- _Exercise directions_:
Reproduce precisely the lines of the listing below, starting with the line that contains "Odlični rezultati z" and stopping after the line that contains "Dave Stewart Whakatane"; include nothing else.

- _Exercise material_:

Content starts

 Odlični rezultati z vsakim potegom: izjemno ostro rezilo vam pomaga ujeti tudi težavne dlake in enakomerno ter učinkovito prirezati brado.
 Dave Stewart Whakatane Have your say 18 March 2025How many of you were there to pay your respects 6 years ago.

Content ends
Content starts

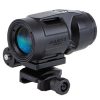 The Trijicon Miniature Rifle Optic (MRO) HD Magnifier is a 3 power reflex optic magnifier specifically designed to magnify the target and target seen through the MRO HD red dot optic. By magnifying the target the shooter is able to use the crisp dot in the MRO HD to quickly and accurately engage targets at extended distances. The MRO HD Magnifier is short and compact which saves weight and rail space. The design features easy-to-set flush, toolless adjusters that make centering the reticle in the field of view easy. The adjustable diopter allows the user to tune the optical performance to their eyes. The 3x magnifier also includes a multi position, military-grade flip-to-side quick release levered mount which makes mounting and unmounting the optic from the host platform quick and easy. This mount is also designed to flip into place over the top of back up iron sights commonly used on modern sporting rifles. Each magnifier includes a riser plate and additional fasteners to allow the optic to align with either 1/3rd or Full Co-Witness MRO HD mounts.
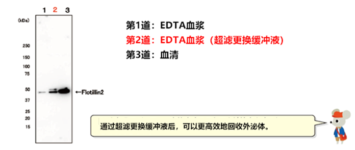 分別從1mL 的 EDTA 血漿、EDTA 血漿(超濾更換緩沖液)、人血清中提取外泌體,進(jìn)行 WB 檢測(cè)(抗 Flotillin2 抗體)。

Content ends
Content starts

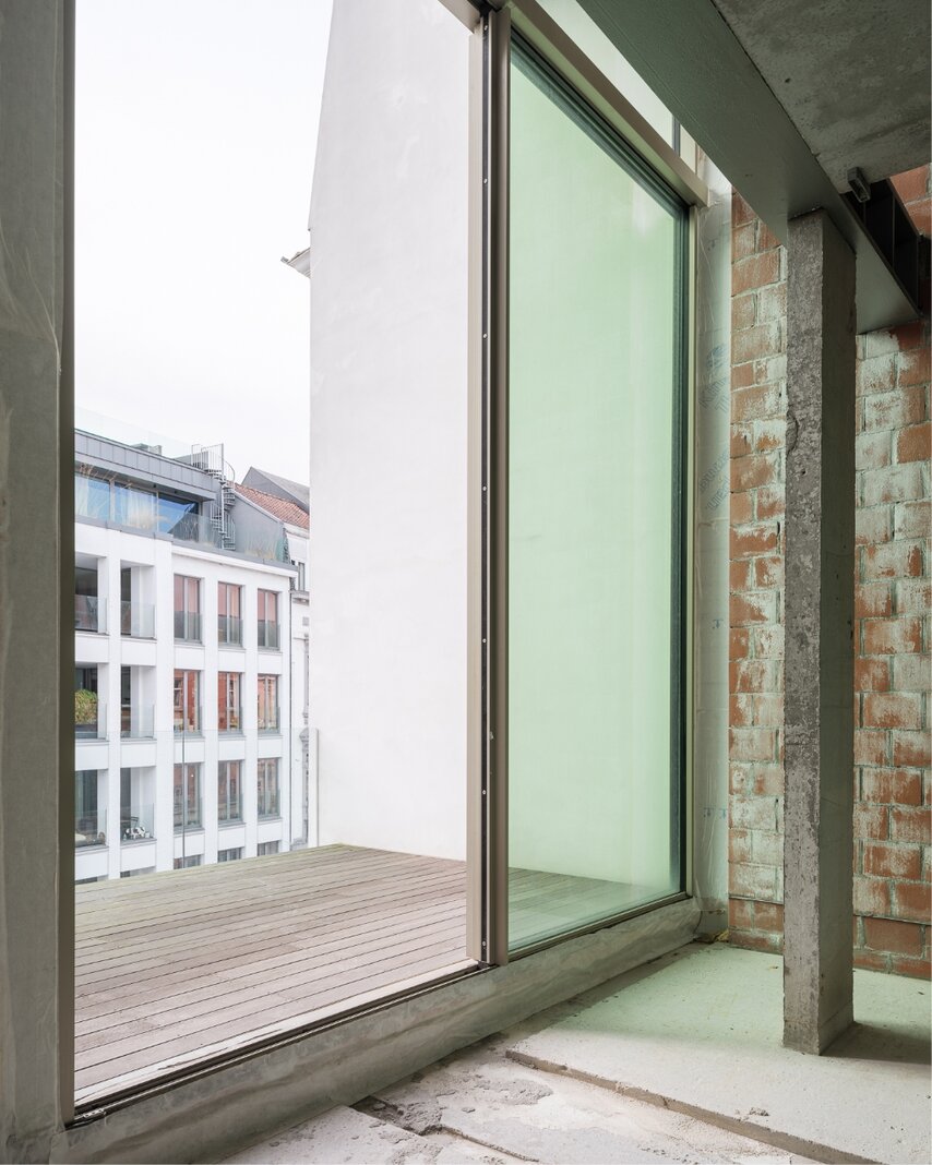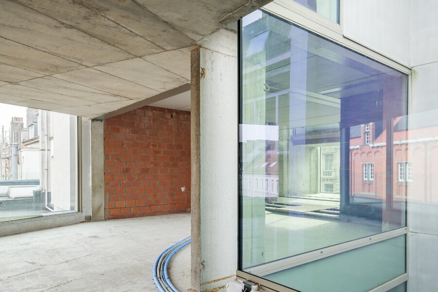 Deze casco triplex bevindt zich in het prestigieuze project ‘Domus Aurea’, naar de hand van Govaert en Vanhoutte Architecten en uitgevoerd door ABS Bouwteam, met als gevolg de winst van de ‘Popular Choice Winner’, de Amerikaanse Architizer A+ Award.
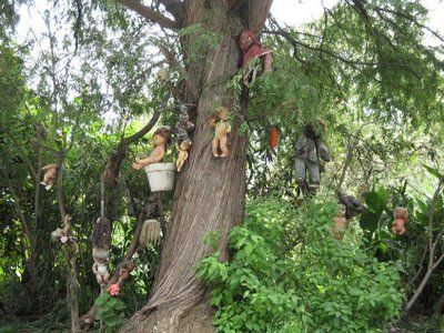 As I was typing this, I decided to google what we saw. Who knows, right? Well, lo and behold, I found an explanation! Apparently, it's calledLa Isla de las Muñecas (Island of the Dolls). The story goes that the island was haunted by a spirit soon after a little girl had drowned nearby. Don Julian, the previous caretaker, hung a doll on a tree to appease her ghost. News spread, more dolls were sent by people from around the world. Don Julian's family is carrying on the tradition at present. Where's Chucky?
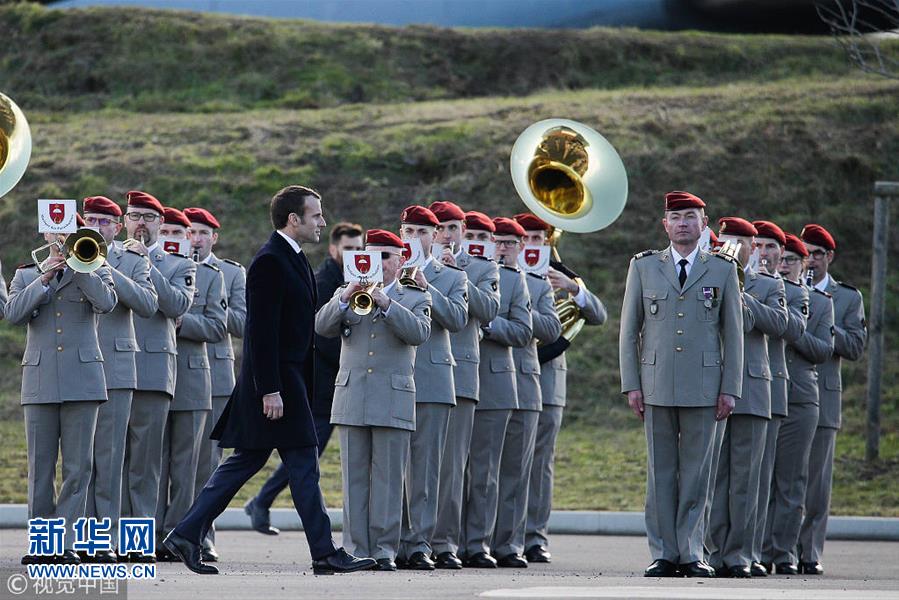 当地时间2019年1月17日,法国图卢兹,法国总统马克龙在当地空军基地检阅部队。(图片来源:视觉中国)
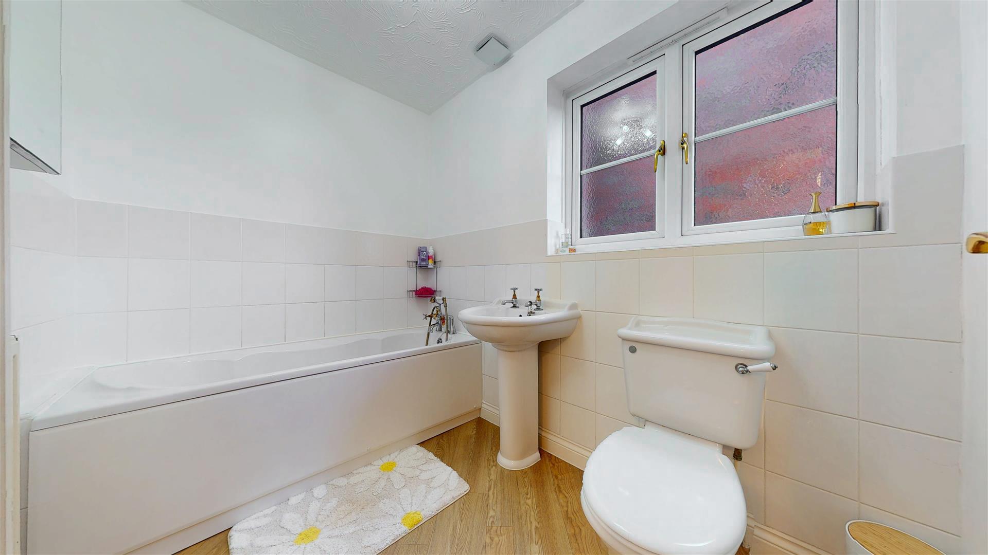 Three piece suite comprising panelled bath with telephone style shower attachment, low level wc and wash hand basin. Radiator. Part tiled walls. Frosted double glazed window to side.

Content ends

- _Task answer_:
 Odlični rezultati z vsakim potegom: izjemno ostro rezilo vam pomaga ujeti tudi težavne dlake in enakomerno ter učinkovito prirezati brado.
 Dave Stewart Whakatane Have your say 18 March 2025How many of you were there to pay your respects 6 years ago.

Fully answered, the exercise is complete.